What is needed - After repeating the line containing "Made of blue", stop; until then, repeat each line of the listing below exactly, starting with the first.

Supplied material -
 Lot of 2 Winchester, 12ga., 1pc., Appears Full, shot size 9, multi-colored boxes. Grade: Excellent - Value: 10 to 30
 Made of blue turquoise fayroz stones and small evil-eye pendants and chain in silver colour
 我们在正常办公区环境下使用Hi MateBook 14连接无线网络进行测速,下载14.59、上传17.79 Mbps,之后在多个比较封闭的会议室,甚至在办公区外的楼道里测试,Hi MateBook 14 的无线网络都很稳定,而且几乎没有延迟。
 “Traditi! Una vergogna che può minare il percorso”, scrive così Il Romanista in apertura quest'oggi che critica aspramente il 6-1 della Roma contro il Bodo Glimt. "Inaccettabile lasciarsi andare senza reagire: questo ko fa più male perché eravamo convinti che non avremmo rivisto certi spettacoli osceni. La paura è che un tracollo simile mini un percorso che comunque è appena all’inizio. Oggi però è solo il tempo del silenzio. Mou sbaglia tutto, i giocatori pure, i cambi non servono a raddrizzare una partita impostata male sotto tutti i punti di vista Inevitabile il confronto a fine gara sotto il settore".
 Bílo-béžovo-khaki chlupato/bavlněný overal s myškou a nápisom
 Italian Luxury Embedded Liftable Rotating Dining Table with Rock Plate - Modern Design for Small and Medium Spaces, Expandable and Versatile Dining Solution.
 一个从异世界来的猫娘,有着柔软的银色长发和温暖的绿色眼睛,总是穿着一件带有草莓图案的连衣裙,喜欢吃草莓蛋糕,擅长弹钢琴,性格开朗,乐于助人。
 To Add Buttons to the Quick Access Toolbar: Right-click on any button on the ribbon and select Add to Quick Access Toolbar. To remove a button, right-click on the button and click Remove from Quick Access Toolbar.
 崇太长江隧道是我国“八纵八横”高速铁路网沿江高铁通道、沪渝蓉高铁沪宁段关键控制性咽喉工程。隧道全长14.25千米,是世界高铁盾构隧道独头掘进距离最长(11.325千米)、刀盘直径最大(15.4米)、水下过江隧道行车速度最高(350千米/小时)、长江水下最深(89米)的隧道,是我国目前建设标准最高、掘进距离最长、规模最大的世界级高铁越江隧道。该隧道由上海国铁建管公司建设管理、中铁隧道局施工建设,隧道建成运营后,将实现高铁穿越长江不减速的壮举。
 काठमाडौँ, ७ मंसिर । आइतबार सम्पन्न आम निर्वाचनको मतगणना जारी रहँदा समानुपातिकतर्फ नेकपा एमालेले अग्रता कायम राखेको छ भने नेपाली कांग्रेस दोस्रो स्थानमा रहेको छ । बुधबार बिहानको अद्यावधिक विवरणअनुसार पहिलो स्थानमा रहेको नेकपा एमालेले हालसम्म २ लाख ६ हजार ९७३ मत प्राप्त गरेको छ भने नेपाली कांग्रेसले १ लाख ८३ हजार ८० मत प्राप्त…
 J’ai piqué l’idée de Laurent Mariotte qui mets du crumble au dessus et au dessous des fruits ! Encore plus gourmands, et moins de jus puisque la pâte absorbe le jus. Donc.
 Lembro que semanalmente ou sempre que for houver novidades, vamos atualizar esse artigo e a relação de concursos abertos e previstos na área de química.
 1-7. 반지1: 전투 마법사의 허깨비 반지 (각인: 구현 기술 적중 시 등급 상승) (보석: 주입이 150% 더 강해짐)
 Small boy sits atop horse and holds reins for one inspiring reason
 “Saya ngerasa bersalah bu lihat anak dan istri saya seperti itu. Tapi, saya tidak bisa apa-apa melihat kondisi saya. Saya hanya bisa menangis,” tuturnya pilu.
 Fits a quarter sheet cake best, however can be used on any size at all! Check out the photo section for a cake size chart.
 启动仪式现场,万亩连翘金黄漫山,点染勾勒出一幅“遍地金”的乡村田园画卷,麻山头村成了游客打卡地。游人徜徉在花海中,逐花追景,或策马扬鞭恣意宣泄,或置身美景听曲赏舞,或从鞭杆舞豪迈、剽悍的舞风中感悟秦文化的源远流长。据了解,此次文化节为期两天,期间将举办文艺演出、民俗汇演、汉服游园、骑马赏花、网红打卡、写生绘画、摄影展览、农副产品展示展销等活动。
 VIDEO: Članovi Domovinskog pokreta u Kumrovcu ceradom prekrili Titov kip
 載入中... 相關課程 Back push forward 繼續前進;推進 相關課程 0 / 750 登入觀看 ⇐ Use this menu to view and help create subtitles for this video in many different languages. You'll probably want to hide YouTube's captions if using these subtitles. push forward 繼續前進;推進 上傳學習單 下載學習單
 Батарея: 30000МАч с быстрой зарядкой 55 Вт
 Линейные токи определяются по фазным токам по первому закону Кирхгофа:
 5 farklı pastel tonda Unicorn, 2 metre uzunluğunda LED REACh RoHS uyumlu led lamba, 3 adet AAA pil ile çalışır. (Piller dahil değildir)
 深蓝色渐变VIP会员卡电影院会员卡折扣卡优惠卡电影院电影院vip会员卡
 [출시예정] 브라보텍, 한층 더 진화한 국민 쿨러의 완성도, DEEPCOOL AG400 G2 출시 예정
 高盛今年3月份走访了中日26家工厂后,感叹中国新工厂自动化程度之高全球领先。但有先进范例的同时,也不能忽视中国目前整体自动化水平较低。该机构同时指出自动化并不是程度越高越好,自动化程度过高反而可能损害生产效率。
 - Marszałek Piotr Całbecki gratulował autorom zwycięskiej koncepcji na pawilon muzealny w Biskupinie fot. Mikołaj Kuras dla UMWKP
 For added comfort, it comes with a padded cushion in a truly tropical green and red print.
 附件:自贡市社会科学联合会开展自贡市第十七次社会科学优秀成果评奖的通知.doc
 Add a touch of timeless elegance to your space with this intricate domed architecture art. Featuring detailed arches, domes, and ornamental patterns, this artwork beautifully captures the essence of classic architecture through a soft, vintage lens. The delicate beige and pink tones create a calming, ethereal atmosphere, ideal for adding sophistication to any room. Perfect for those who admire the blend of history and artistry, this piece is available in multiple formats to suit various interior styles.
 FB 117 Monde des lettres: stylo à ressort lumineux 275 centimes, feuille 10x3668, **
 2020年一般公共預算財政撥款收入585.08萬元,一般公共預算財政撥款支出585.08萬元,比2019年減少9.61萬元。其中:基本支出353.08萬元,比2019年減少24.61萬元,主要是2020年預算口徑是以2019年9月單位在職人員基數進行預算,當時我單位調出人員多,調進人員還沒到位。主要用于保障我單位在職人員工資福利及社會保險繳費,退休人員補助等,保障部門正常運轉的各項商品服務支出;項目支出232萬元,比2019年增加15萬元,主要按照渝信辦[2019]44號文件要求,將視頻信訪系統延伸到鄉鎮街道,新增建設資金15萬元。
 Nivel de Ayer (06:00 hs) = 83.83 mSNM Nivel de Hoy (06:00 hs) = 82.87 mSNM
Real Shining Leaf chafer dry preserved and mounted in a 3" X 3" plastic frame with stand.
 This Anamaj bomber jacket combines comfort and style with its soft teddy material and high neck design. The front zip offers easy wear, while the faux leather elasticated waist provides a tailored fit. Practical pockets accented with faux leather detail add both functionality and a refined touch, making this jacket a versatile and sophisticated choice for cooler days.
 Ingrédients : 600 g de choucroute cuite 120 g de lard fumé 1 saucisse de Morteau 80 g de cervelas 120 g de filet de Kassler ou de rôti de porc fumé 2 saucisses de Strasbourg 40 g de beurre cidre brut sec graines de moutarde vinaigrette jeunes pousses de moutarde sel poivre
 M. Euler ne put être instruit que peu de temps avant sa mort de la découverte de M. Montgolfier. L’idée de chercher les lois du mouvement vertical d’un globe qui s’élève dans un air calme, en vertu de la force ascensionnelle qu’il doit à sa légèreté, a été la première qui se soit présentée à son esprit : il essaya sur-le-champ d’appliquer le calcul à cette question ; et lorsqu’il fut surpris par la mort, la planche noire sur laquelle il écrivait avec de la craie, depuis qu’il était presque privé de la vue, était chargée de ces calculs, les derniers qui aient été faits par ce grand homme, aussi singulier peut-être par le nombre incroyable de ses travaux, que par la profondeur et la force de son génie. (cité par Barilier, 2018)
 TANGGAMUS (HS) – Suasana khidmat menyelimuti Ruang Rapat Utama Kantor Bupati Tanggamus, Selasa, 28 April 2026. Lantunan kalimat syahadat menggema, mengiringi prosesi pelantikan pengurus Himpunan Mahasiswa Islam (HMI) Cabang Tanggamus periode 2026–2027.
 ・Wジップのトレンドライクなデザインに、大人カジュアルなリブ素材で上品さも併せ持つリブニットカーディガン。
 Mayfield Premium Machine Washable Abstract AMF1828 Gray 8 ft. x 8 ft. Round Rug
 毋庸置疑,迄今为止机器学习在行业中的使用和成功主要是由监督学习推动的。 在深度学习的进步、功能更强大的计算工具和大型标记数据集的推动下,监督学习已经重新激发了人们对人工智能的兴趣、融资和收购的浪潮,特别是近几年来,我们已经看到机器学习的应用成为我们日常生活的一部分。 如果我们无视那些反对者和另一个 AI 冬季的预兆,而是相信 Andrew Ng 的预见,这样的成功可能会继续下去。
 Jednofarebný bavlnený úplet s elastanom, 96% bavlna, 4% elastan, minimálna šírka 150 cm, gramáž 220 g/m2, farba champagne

Answer to the problem -
 Lot of 2 Winchester, 12ga., 1pc., Appears Full, shot size 9, multi-colored boxes. Grade: Excellent - Value: 10 to 30
 Made of blue turquoise fayroz stones and small evil-eye pendants and chain in silver colour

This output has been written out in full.